§ Assigned task
Transcribe the listing exactly, so that nothing but the pictures is missing.

§ Given records

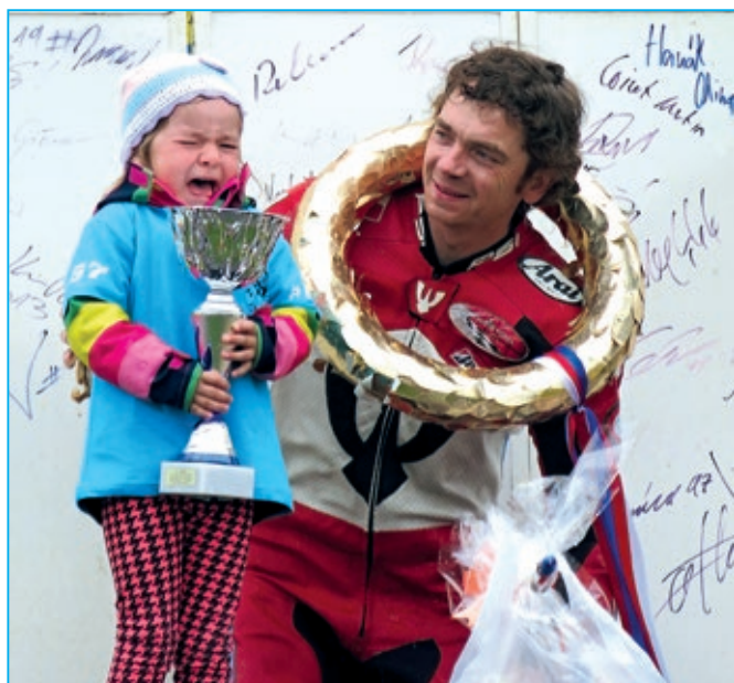
„Zvláštní smůtok vítězů“.
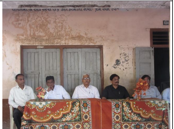
Special Camp at Asodar Village
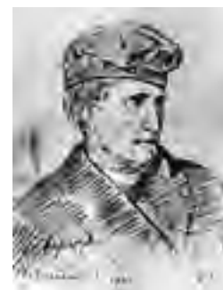
^ Рис. 3. Д. В. Каракозов. Портретный набросок И. Е. Репина
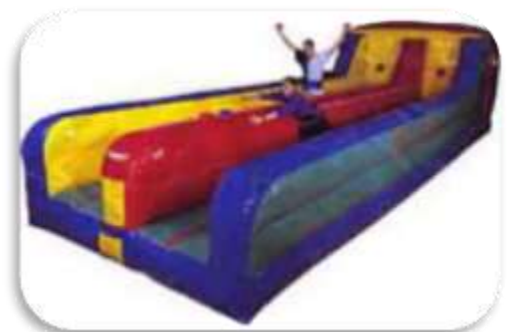
Tir à l'élastique 10 m De 10 à 70 ans 240 € HT/288 € TTC – livré*
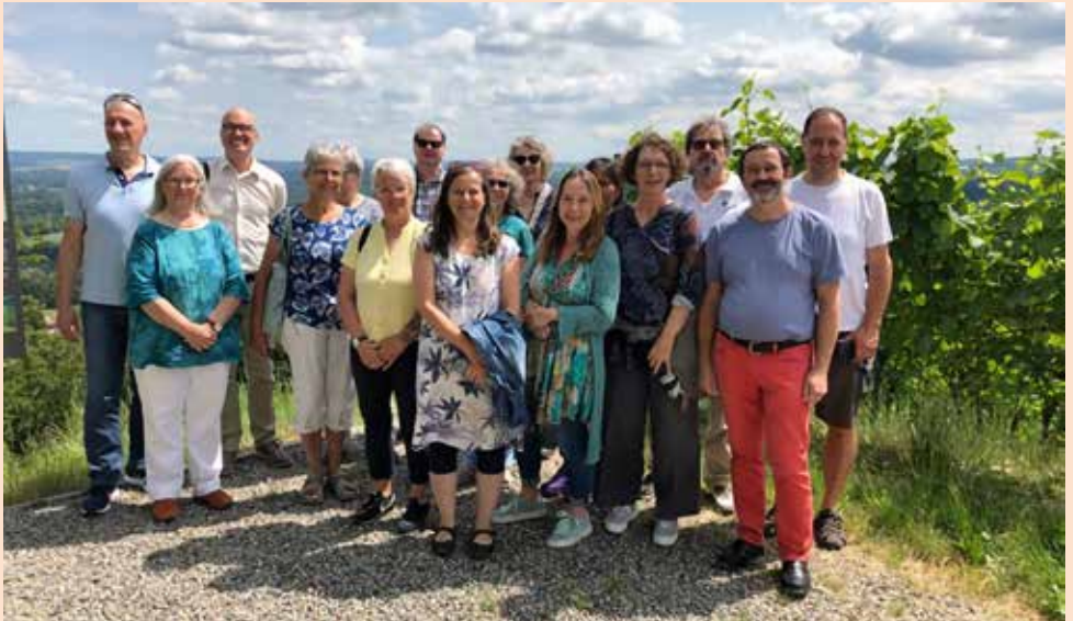
Unterwegs in Buchberg

§ Your solution
„Zvláštní smůtok vítězů“.
Special Camp at Asodar Village
^ Рис. 3. Д. В. Каракозов. Портретный набросок И. Е. Репина
Tir à l'élastique 10 m De 10 à 70 ans 240 € HT/288 € TTC – livré*
Unterwegs in Buchberg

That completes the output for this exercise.